# Exercise prompt
Copy each line below exactly and leave the pictures out.

# Given information
▬▬▬

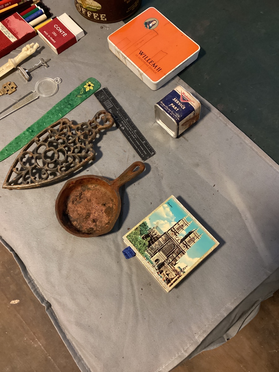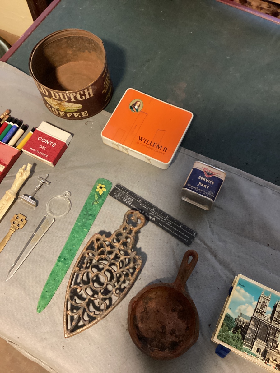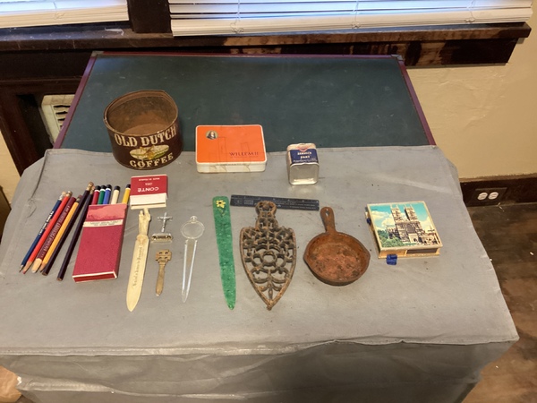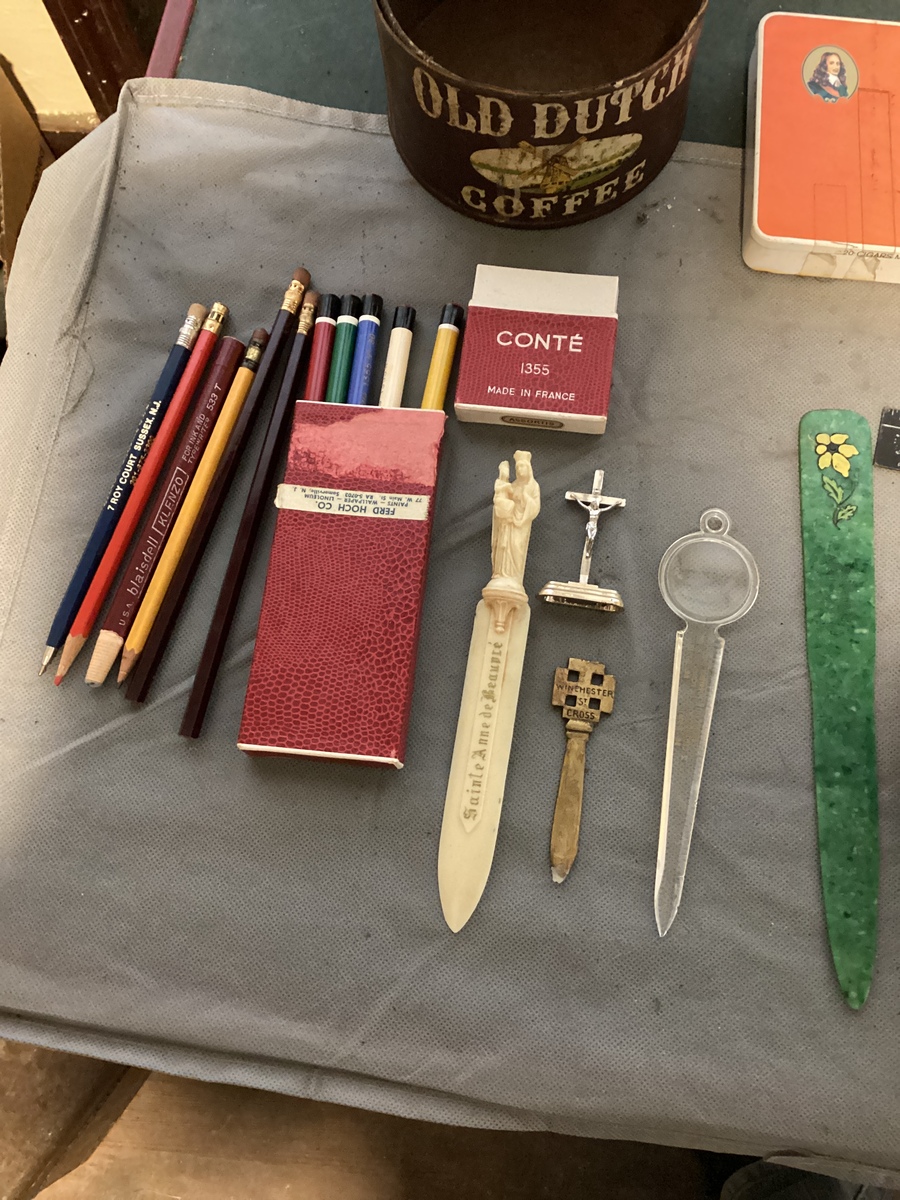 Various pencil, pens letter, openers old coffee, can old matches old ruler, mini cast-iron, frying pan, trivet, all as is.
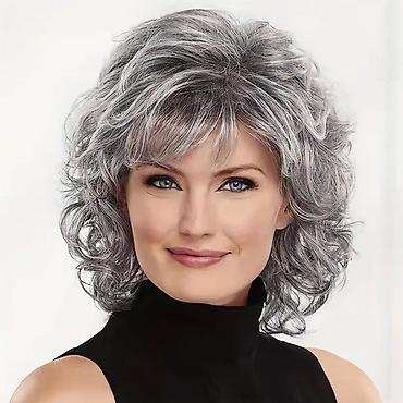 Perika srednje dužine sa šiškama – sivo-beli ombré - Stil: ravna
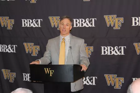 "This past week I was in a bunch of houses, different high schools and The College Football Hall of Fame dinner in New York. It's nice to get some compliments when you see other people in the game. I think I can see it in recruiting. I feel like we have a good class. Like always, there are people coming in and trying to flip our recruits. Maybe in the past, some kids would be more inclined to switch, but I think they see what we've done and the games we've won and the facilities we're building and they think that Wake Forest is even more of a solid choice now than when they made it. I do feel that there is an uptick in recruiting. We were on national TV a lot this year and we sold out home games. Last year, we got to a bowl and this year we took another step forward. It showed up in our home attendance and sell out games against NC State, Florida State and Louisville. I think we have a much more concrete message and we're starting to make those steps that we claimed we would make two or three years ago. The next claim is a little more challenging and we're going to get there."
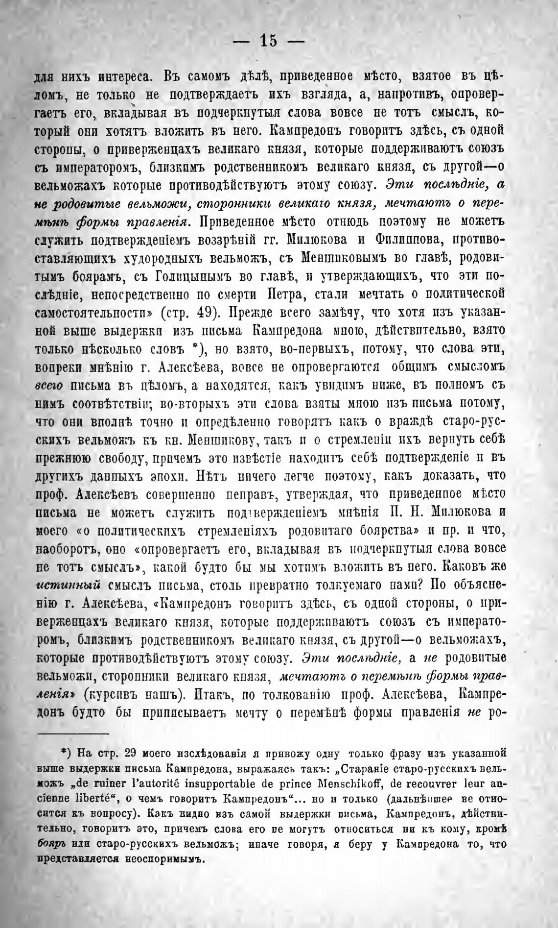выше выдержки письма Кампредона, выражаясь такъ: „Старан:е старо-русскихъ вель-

▬▬▬

# Exercise response
 Various pencil, pens letter, openers old coffee, can old matches old ruler, mini cast-iron, frying pan, trivet, all as is.
 Perika srednje dužine sa šiškama – sivo-beli ombré - Stil: ravna
 "This past week I was in a bunch of houses, different high schools and The College Football Hall of Fame dinner in New York. It's nice to get some compliments when you see other people in the game. I think I can see it in recruiting. I feel like we have a good class. Like always, there are people coming in and trying to flip our recruits. Maybe in the past, some kids would be more inclined to switch, but I think they see what we've done and the games we've won and the facilities we're building and they think that Wake Forest is even more of a solid choice now than when they made it. I do feel that there is an uptick in recruiting. We were on national TV a lot this year and we sold out home games. Last year, we got to a bowl and this year we took another step forward. It showed up in our home attendance and sell out games against NC State, Florida State and Louisville. I think we have a much more concrete message and we're starting to make those steps that we claimed we would make two or three years ago. The next claim is a little more challenging and we're going to get there."
выше выдержки письма Кампредона, выражаясь такъ: „Старан:е старо-русскихъ вель-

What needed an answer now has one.